About Us

The Texas Board of Professional Geoscientists (TBPG) was created in 2001 by Senate Bill 405 in the 77th Legislature. Senate Bill 405, also known as the Texas Geoscience Practice Act, became Texas Occupations Code 1002. Officially becoming effective on September 1, 2003, TOC 1002 is the governing statute by which the TBPG operates. The Texas Geoscience Practice Act is the basis for all agency rules, policies and procedures. The TBPG is governed by a nine-member Board, all appointed by the Governor with the advice and consent of the Senate.
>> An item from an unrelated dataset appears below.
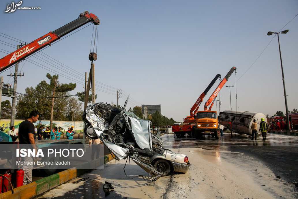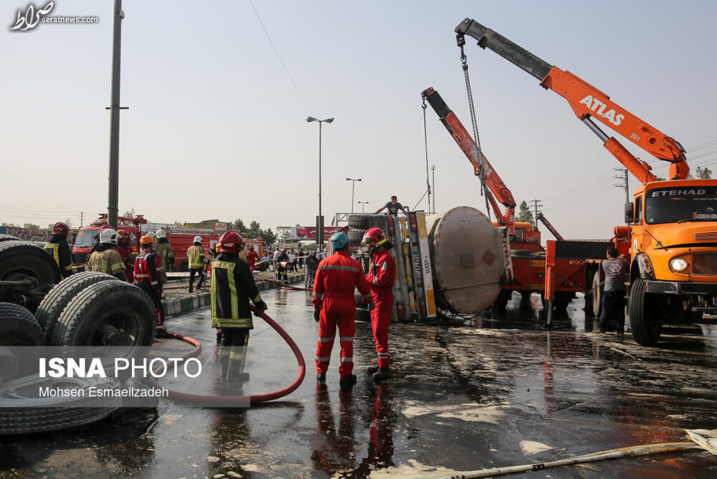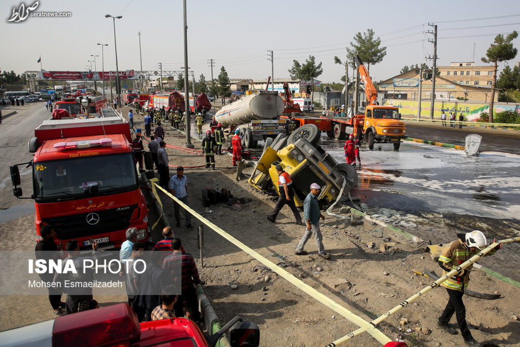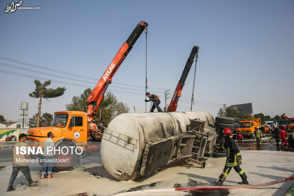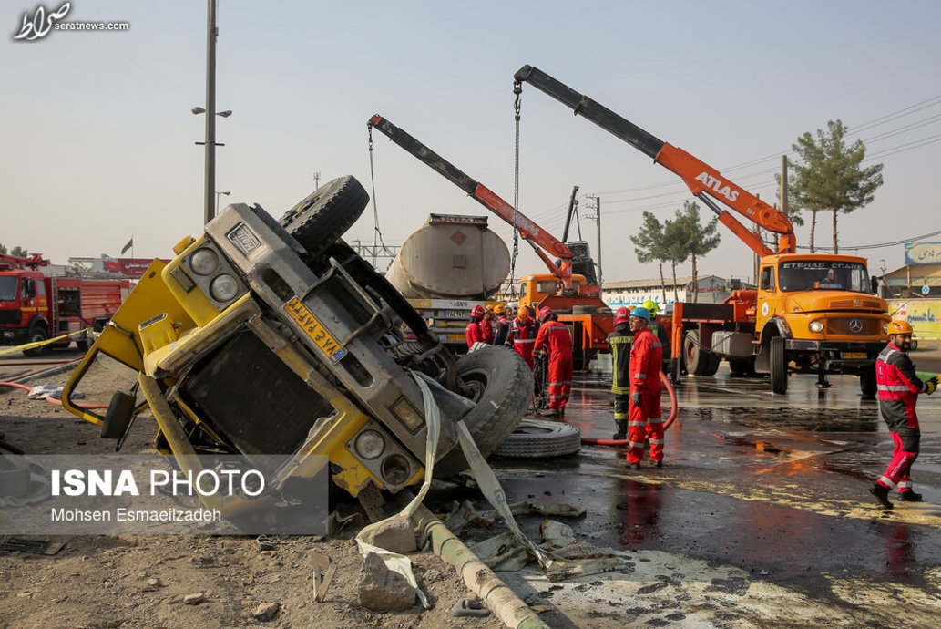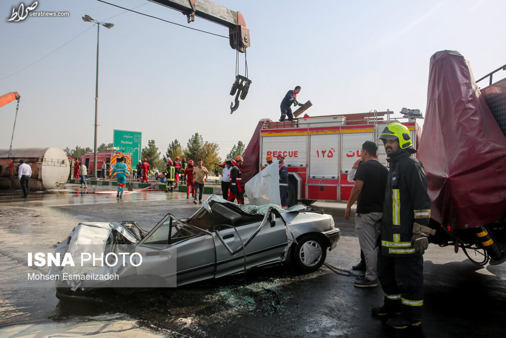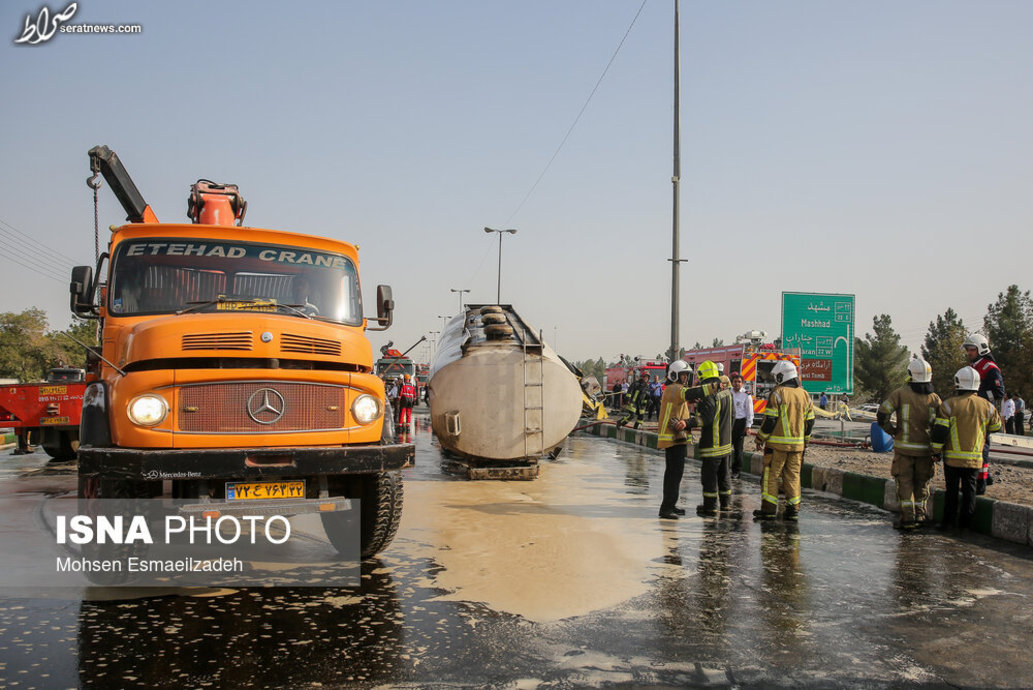 تصاویر / واژگونی مرگبار تانکر حامل گازوئیل در مشهد

The Board consists of six Professional Geoscientists and three public members, which serve staggered six-year terms.

What is Geoscience?

Geoscience is the science of the earth and its origin and history, the investigation of the earth’s environment and its constituent soils, rocks, minerals, fossil fuels, solids, and fluids, and the study of the natural and introduced agents, forces, and processes that cause changes in and on the earth.

Geology is the study of the origin, composition, structure, and history of the earth and its constituent soils, rocks, minerals, fossil fuels, solids, fluids and gases, and the study of the natural and introduced agents, forces, and processes that cause changes in and on the earth. There are many subdivisions of geology, which may include historical geology, physical geology, economic geology, mineralogy, paleontology, structural geology, mining geology, petroleum geology, physiography, geomorphology, geochemistry, hydrogeology, petrography, petrology, volcanology, stratigraphic geology, engineering geology, and environmental geology.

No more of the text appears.